«Недоверие — главная эмоция по отношению к России», — польский дипломат

Катаржина Пелчиньская—Наленч два года работала послом Польши в России. Она стала первой женщиной на этом посту, возглавив диппредставительство в 2014 году в сложное для международных отношений время после украинского Майдана и аннексии Крыма. Громадское поговорило с дипломатом о том, почему Украина и Польша привыкли к роли жертв в историческом контексте, и как международное сообщество сейчас должн

Катаржина Пелчиньская-Наленч два года работала послом Польши в России. Она стала первой женщиной на этом посту, возглавив диппредставительство в 2014 году в сложное для международных отношений время после украинского Майдана и аннексии Крыма. Громадское поговорило с дипломатом о том, почему Украина и Польша привыкли к роли жертв в историческом контексте, и как международное сообщество сейчас должно разговаривать с Россией.

Про три главные проблемы российско-польских отношений

Какие основные проблемы в российско-польских отношениях вы бы выделили?

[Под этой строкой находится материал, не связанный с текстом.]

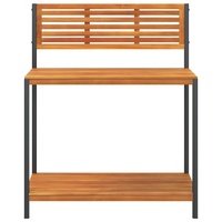 This garden work table is perfect for storage and is an ideal choice for growing a variety of flowers or plants. Stable and long-lasting frame: Solid acacia wood is known for its strength and durability. Its diverse colours and unique grain patterns give it an attractive appearance. With good stability and resistance to weathering, it is ideal for crafting indoor and outdoor furniture.Sturdy frame: The powder-coated steel frame is strong, stable, durable, and resistant to corrosion and harsh weather, ensuring long-lasting performance.Ample workplace: The powder-coated steel prep table is designed with a bottom shelf and a overshelf for customised storage space, providing ample storage space for your potting soil and plant accessories, or any other tools you may need.Practical backsplash: The backslash effectively protects your walls from scratches and dirty water, ensuring a clean and tidy garden.
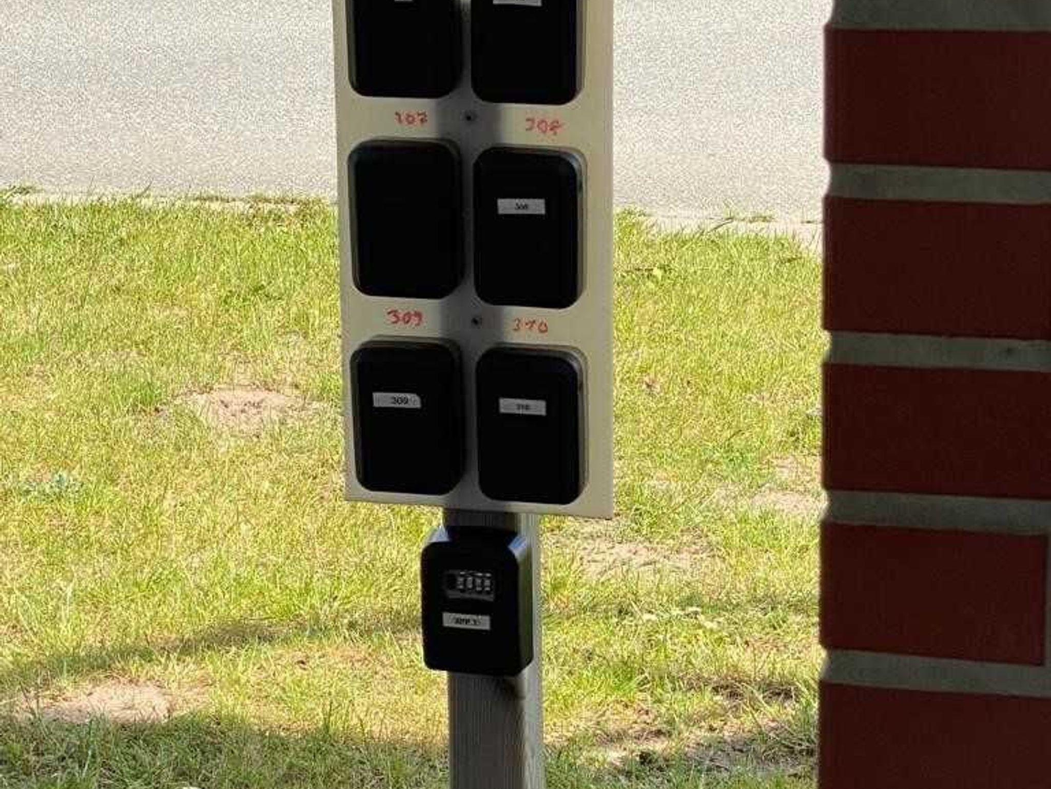 Vor der Wohnung können zur Wohnung gehörende Gartenstühle und ein Tisch aufgestellt werden.
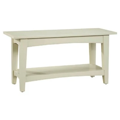 Our Cottage Bench with Shelf by Alaterre Furniture is a versatile addition to any room and space. This bench can be used as a coffee table, in the mudroom as a bench for shoes or in any lifestyle setting. This unit is easy to assemble and sturdy. It includes a lower shelf for storage.
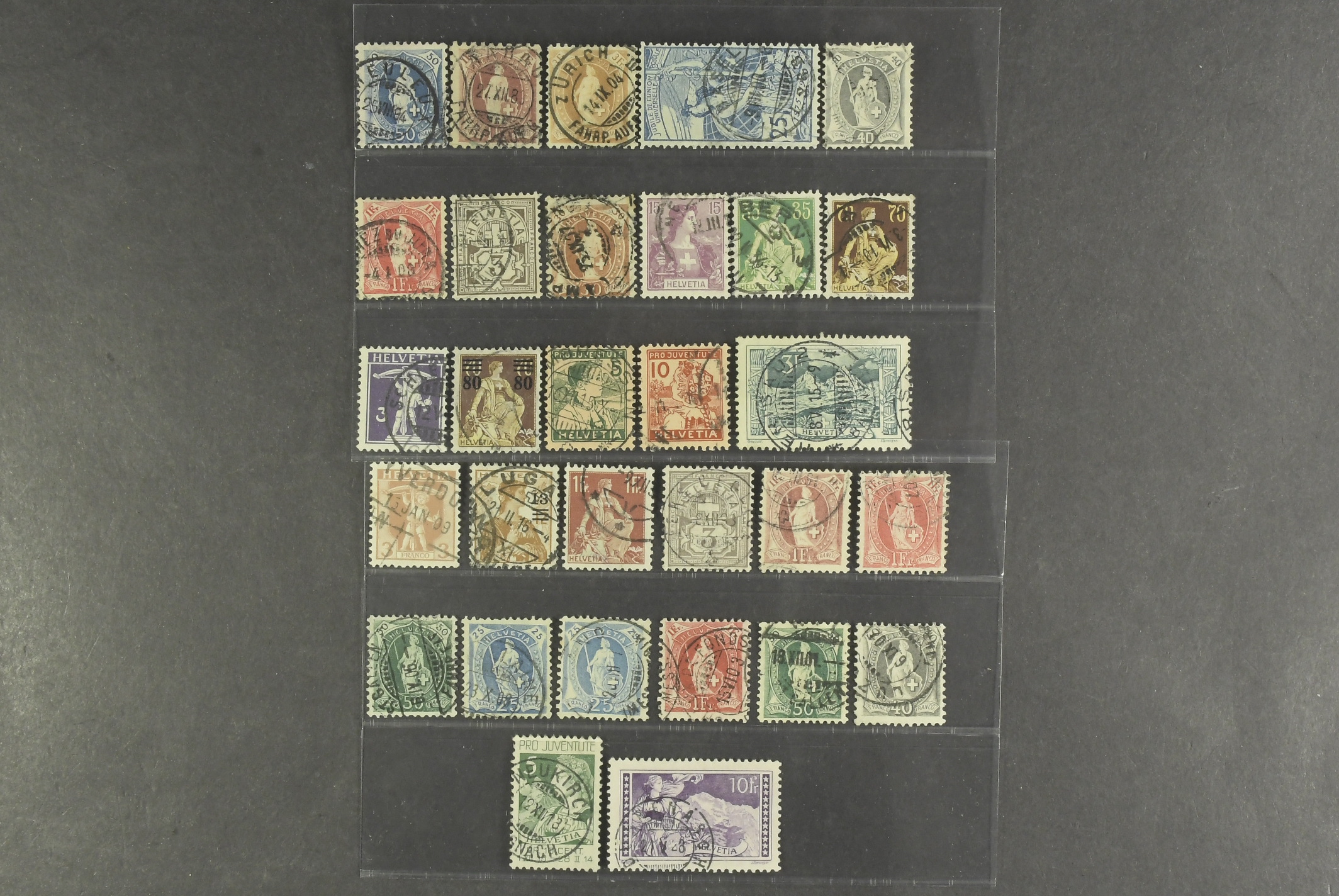 Switzerland. Used 1882–1915. All different, e.g. Mi 62, 63B, 64, 73, 77A, 78D, 83, 90D, 100, 105z, 108, 112 I, 127, 128–29. Mostly good quality. Mi € 686 (30)

Главная проблема, конечно, связана с тем, что произошло в российско-украинских отношениях в 2014 году: и аннексия Крыма и то, что Россия спровоцировала конфликт и ведет войну с Украиной. В стратегической области это является самой главной проблемой. Это не столько проблема польско-российских отношений, а скорее отношений России с Западом, с Евросоюзом. Но поскольку Польша — сосед и России, и Украины, для нас это особенно важно.

Вторая проблема — вопрос исторического диалога. Процесс декоммунизации в Польше воспринимается в России как какой-то враждебный, направленный против России. Но с польской стороны это абсолютно не так.

Мы считаем, что много солдат советской армии действительно героически погибли в том числе в Польше, но сама армия была армией тоталитарного государства, Советского Союза. Поэтому памятники Советской армии, Красной армии в Польше имеют больше негативную ассоциацию, в отличие от кладбищ советских солдат, которые в Польше охраняются, и с ними ничего плохого не происходит. Этот исторический вопрос является конфликтным сегодня и, конечно, очень осложняет наши отношения.

Место крушения самолета Леха Качинского под Смоленском. Фото: Wikimedia

И третья очень серьезная проблема — это останки польского самолета, который потерпел крушение много лет назад. Останки самолета, в котором погиб польский президент с супругой (в авиакатастрофе погибли 96 человек, в том числе президент Лех Качиньский и другие высокопоставленные польские политики и чиновники — ред.), не были возвращены в Польшу.

Это что-то абсолютно непонятное, даже чисто психологически очень сложно объяснить польскому обществу: почему Россия не возвращает останки польского самолета.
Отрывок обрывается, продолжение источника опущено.